Why this Saturday? On January 9, 2002, a memo not as well known as the so-called “torture memos” was completed by John Yoo and Robert Delahunty. Addressed to Defense Department General Counsel William Haynes II, and titled “Application of Laws and Treaties to al Qaeda and Taliban Detainees,” it is one scary memo. It may be the first evidence of our national policy of torture, what Major General Antonio Taguba, the man selected by the Pentagon to report on Abu Ghraib, called “a systematic regime of torture.” The John Yoo and Jay Bybee memos that followed in August of 2002, with their it’s-not-torture-until-organ-failure-occurs, have gotten much more publicity. But the Jan. 9 memo, written in much less inflammatory legalese, was the memo that may well have given the green light for torture.
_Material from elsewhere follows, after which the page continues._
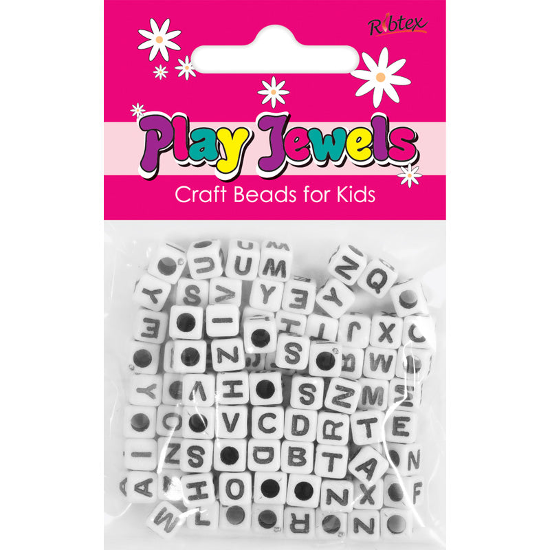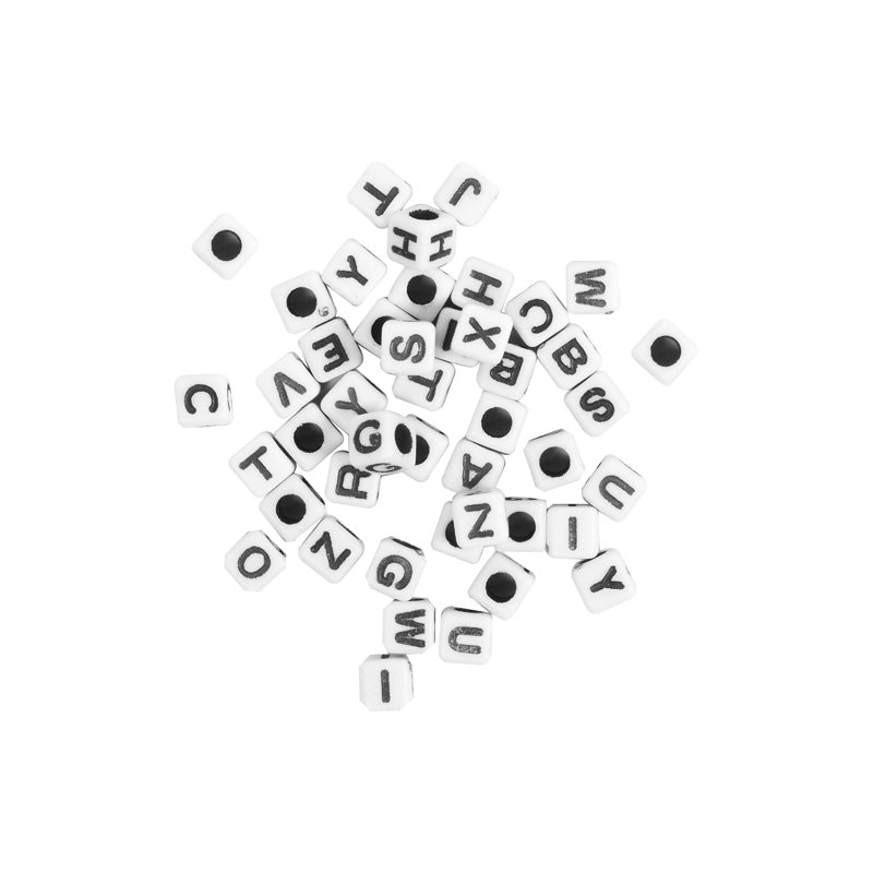 BEAD 6MM ALPHABET CUBE WH BLK 104PC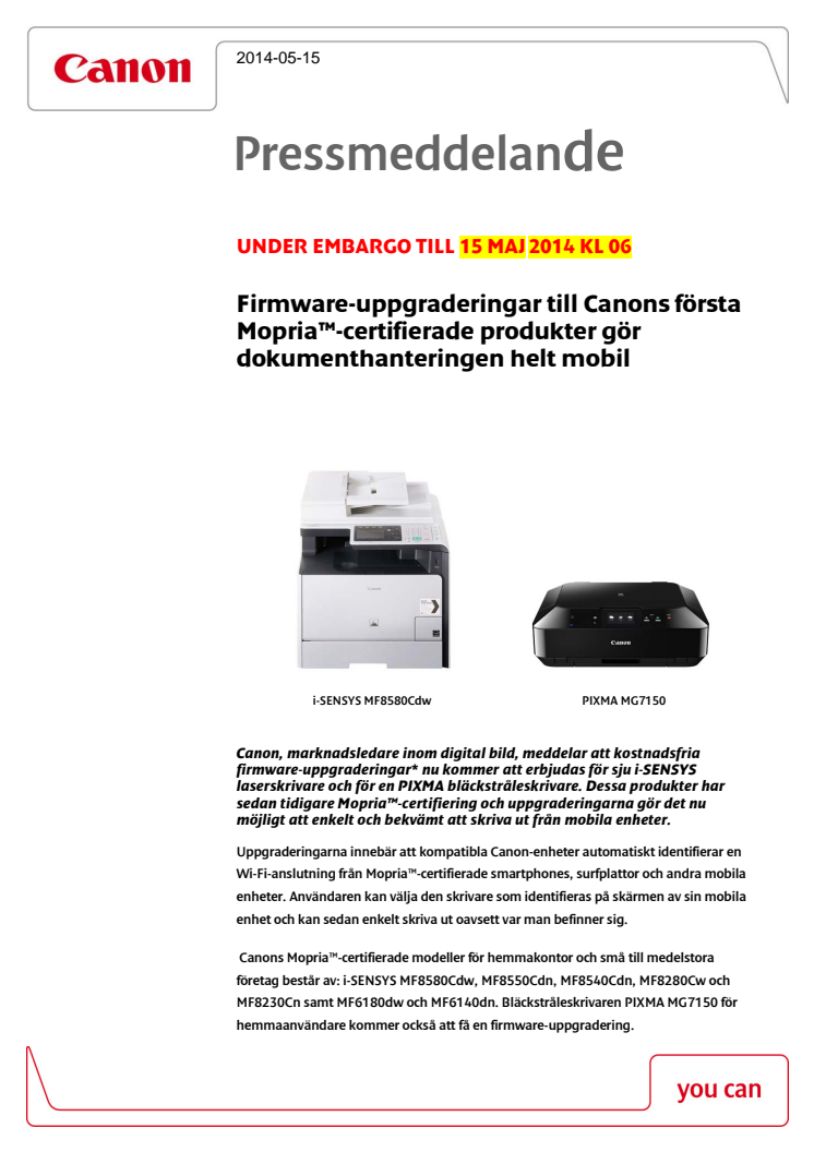 • Firmware-uppgraderingar till Canons första Mopria™-certifierade produkter gör dokumenthanteringen helt mobil

This is where the conspiracy to torture may have begun. Here’s why.


It was not a memo; it was a brief. Legal memos typically lay out the current state of the law on a given issue. They give arguments on all sides and generally inform the client what the legal consequences of a proposed action may be. On the other hand, legal briefs argue a particular side of an issue, with the expectation that in our adversary system of justice, the other party, in its brief, will argue the other side. In the Yoo-Delahunty “memo,” every single question raised came out exactly the same way: The Geneva Conventions do not apply.


This was presented as a dispassionate explanation of the state of current law – they even called it a “memorandum” – but it was nothing of the sort. Its arguments seemed destined to reach only one possible conclusion. And the conclusion they reached led our government to adopt that position for the first time in our history. How do we know there were arguments Yoo and Delahunty did not present? No more than two days later, on January 11, 2002, the State Department’s William Howard Taft IV issued in response a 40-page memo. In that memo, he wrote that their two-day review led them to believe that the “factual assumptions…and legal analysis [of the Yoo-Delahunty memo were] seriously flawed.”


It was the first time in our history that our government said Geneva Conventions did not apply. The Yoo-Delahunty memo was not putting forward a commonly accepted view of the state of the law. In fact, the position proposed had never before been adopted by the United States government. The Conventions are not late-20th century legalisms. In fact, we ratified our first Geneva Convention in 1882. Certainly sometimes we did not follow the Conventions we had ratified. But never before was it stated policy that the Conventions do not apply in a particular war. This was nothing close to mainstream legal thinking.


The Yoo-Delahunty “memo” failed to mention the Convention Against Torture (CAT) or the Federal Torture Statute (18 U.S.C. Secs. 2340 and 2340A-B). On behalf of the United States, Ronald Reagan signed the United Nations Convention against Torture and Other Cruel, Inhuman or Degrading Treatment or Punishment on April 18, 1988. On October 21, 1994, the treaty was ratified by the United States Senate. That same year, Congress passed and President Clinton signed the Federal Torture Statute as legislation implementing CAT. The Yoo-Delahunty “memo” is titled, “Application of Treaties and Laws to al Qaeda and Taliban Detainees.” Neither CAT nor the Federal Torture Statute were even mentioned in the 42-page document.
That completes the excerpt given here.